What is the best way to tackle this with Okta? Should I enhance the token with the desired account number? Should I create dynamic scopes? Any guidance or best practice here would be appreciated. I will be utilizing Java/Groovy and the Spring Framework. Thanks!
users do not see each other data in Okta. If you are talking about your application, then token should contain the data about the user, so in your application you can limit your data to only those ones belonging to a user. That’s what id_token is for
It sounds like you want to protect resources for your application based on the account a user is associated with. If this account number is available in their Okta user profile, you could create a custom claim to contain this information in a user’s access token and your resource server could determine what roles they are granted based on it, similar to whats done in this blog post.
Thanks, @phi1ipp and @andrea! I think that is probably the best way to proceed. The user could potentially have multiple accounts. What would be the best way to dynamically add claims to an Okta user? For example, they may open and close accounts with us any time.
Ideally, we would have the user log into our Okta customer tenant, and then the JWT is passed back to the client application. Somewhere in between, however, we would fetch their list of accounts and ideally put them into the token. Would it better to utilize a post-login hook to perform this? Or is there a better way?

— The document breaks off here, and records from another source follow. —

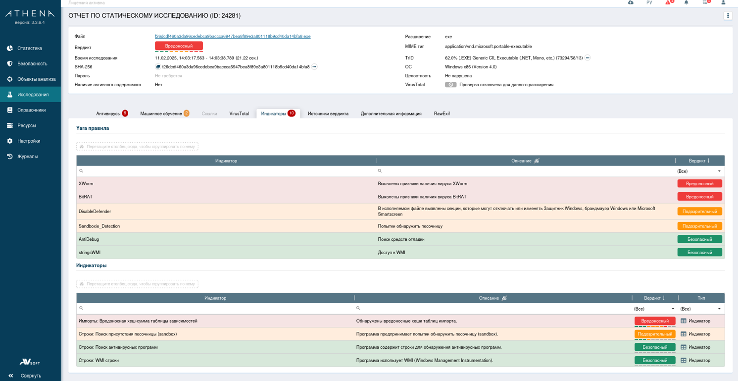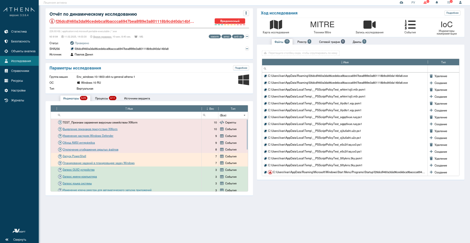 Динамический анализ в системе Афина выявил множество вредоносных индикаторов. Среди них отмечаются: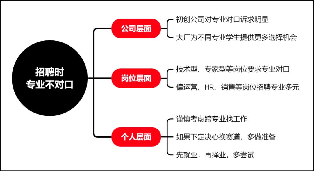 其次是岗位,如果是技术型、专家型这类岗位肯定要求专业对口。但偏运营方向、HR、销售等岗位对专业本身的要求没有那么高,招聘的专业也会更多元。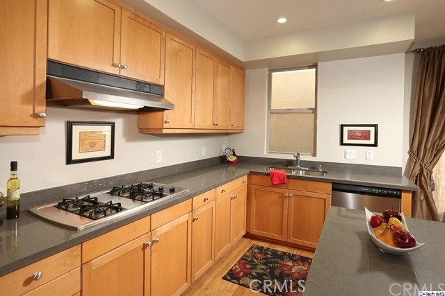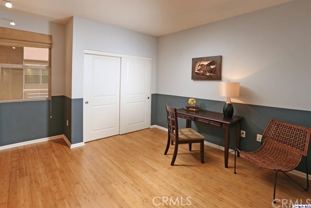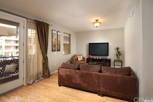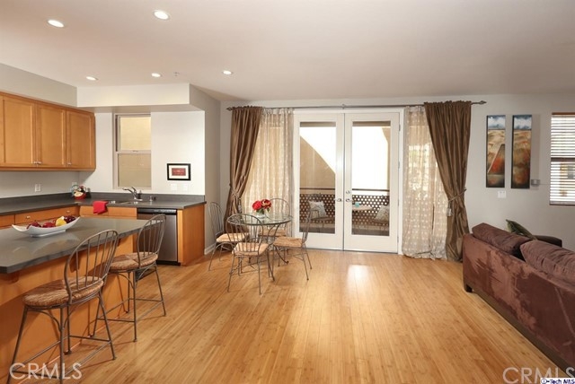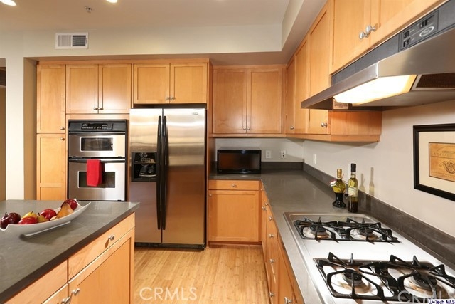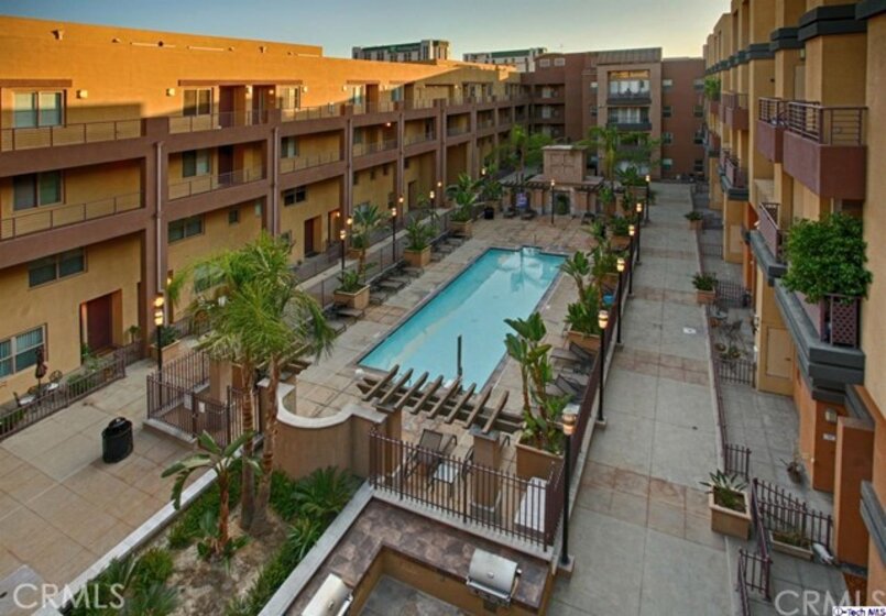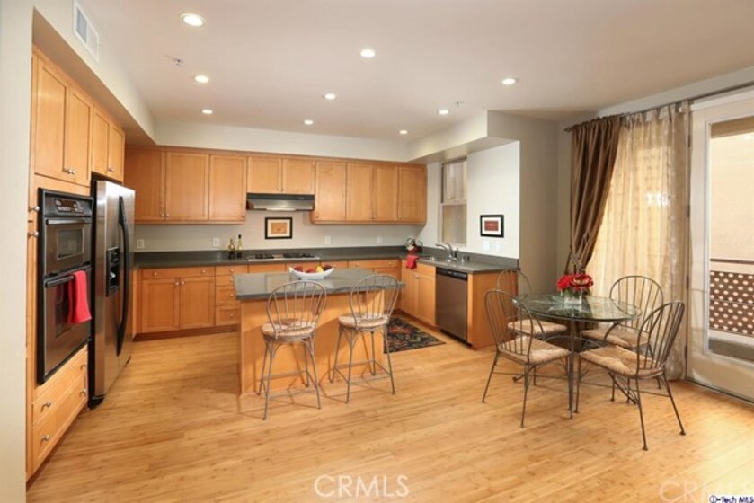 This gorgeous unit, is located close to fabulous Downtown Burbank, boasts 2 bedrooms, each with ensuite bathrooms, brand new wood Bamboo floors throughout, a remodeled kitchen with new granite counters and new dishwasher and fresh paint in the kitchen and living rm. Great open floorplan, light and bright, outdoor community areas include pool, workout room, outdoor patio with grill. You will love this beautiful unit in one of the most sought after complexes in the area!

You may want to look into using Token Inline Hooks. That way, before your application/user is issued tokens, the inline hook can be triggered and you can configure your endpoint to call whatever api endpoint has this account list and then store it directly in the token claims.

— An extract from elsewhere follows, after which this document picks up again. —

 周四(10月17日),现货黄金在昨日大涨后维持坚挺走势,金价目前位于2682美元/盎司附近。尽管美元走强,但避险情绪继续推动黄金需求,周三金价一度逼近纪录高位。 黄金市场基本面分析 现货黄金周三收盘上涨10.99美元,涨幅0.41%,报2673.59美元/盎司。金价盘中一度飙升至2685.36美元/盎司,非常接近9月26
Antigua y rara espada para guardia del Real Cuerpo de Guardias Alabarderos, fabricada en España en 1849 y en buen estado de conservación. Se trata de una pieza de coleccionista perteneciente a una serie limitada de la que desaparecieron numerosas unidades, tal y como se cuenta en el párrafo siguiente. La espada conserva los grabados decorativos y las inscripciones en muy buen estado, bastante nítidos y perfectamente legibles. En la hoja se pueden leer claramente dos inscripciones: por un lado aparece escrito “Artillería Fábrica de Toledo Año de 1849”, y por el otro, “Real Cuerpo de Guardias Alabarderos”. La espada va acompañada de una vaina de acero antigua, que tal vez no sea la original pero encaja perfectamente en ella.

Thanks @andrea – this looks pretty cool. Is there any way to secure the inline hook call by requesting a token from another authorization server? I’m not keen on the idea of hard-coding my authorization header, but maybe it really isn’t an issue.
I just checked with product and this is not supported at this time but it is something we are looking to add for all hooks in the future. Here’s a feature request I found in our Ideas portal that can help us track use cases and the level of interest to get this added to our roadmap.
Thanks, @andrea. I’ll keep an eye on that in the future. What are your thoughts on hard-coding the Authorization header? There are some strategies we could employ to secure the target endpoint… but it still feels wrong.
I haven’t personally used it in a production environment, but I definitely understand your concern about having a static auth header like this. Something you could maybe do is rotate the key on your end (expire/revoke the old one and create a new one) and then update the inline hook config when you do so. You could use the API endpoint for hooks to make this call automatically if you do do something like this.
Cool. Learning a lot about Okta just from this conversation alone. I will pass this info on to others in our organization. I also considered using the Okta API to update account numbers on the user’s profile, which might be another good option Thanks for the information, @andrea!